- Try it:
For this exercise, write out every entry exactly and leave the pictures out.

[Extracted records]
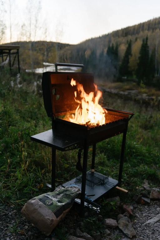Рядом с каждым домиком расположен индивидуальный мангал с удобной крышкой, который обеспечивает оптимальные условия для приготовления шашлыка и других блюд. Это прекрасное место для семейного или дружеского отдыха на свежем воздухе.
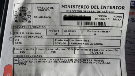 Manden fra Salamanca skal nemlig af med 80 euro for at bide negle, mens han kørte bil. Det skriver La Gaceta de Salamanca, som er et lokalt blad.
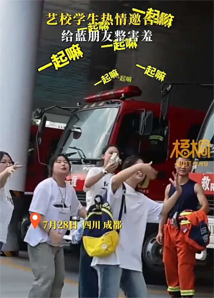 7月28日,四川成都一群艺校学生路过一处消防站,热情地邀请消防员们合影,消防员们见状害羞地不好意思上前,之后成功合影后又笑得合不拢嘴。对此网友们纷纷表示,“压住了高压水枪都压不住翘起的嘴角。”
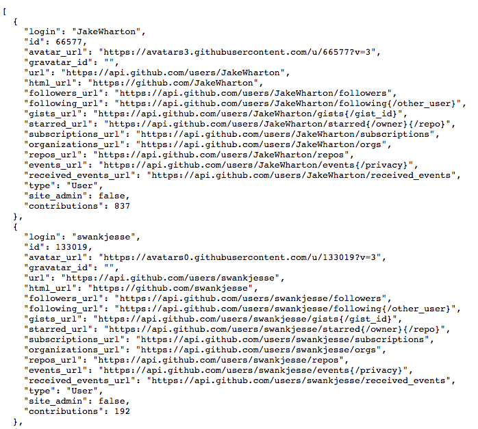 https://api.github.com/repos/square/retrofit/contributors 에 들어가면 아래와 같이 JSON 형식으로 된 정보들이 나온다.
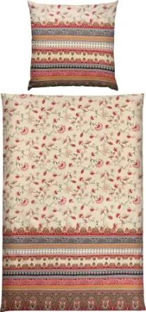 Mako-Satin Bettwäsche Blumen und Bordüre beige-rot Größe 80x80 cm / 135x200 cm - seidig weiche Qualität, temperaturausgleichend, mit Reißverschluss
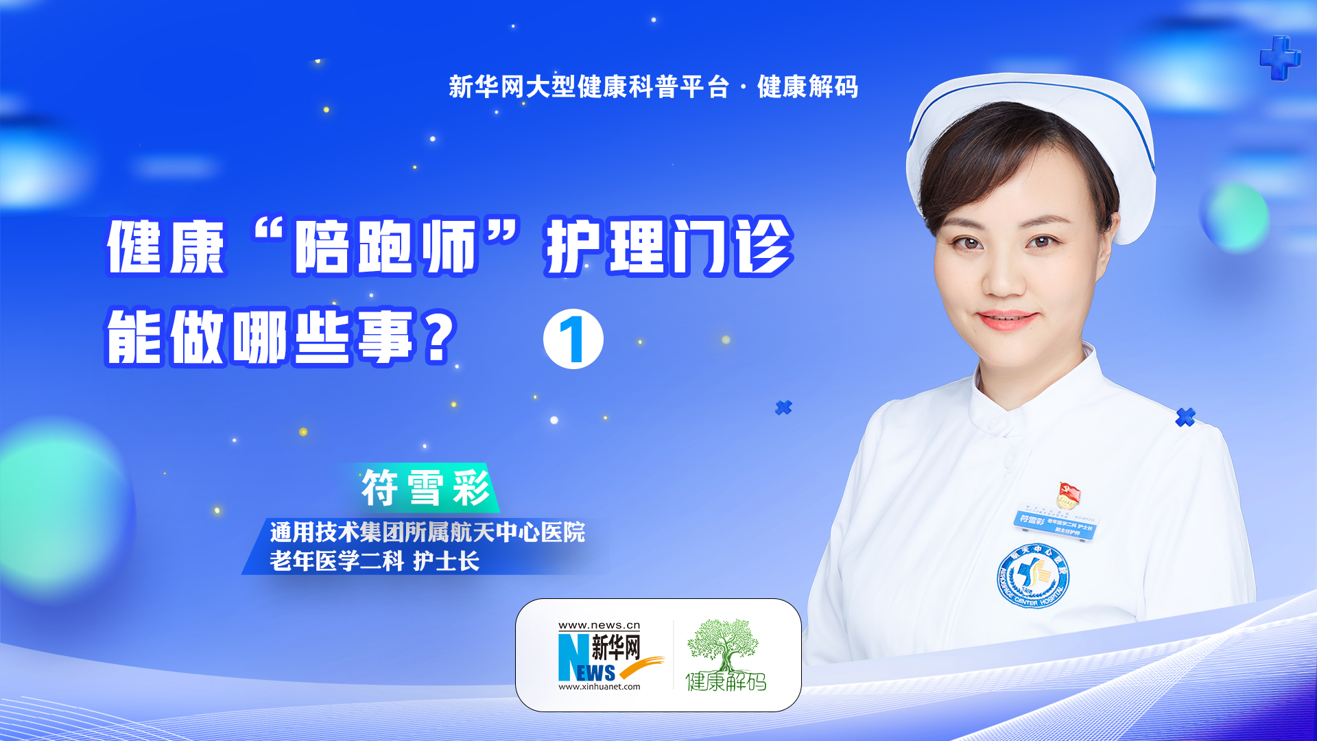 "??本集我們邀請了通用技術(shù)集團所屬航天中心醫院老年醫學(xué)二科護士長(cháng)、主任護師符雪彩分享《健康“陪跑師”護理門(mén)診 能做哪些事。"

- Exercise result:
Рядом с каждым домиком расположен индивидуальный мангал с удобной крышкой, который обеспечивает оптимальные условия для приготовления шашлыка и других блюд. Это прекрасное место для семейного или дружеского отдыха на свежем воздухе.
 Manden fra Salamanca skal nemlig af med 80 euro for at bide negle, mens han kørte bil. Det skriver La Gaceta de Salamanca, som er et lokalt blad.
 7月28日,四川成都一群艺校学生路过一处消防站,热情地邀请消防员们合影,消防员们见状害羞地不好意思上前,之后成功合影后又笑得合不拢嘴。对此网友们纷纷表示,“压住了高压水枪都压不住翘起的嘴角。”
 https://api.github.com/repos/square/retrofit/contributors 에 들어가면 아래와 같이 JSON 형식으로 된 정보들이 나온다.
 Mako-Satin Bettwäsche Blumen und Bordüre beige-rot Größe 80x80 cm / 135x200 cm - seidig weiche Qualität, temperaturausgleichend, mit Reißverschluss
 "??本集我們邀請了通用技術(shù)集團所屬航天中心醫院老年醫學(xué)二科護士長(cháng)、主任護師符雪彩分享《健康“陪跑師”護理門(mén)診 能做哪些事。"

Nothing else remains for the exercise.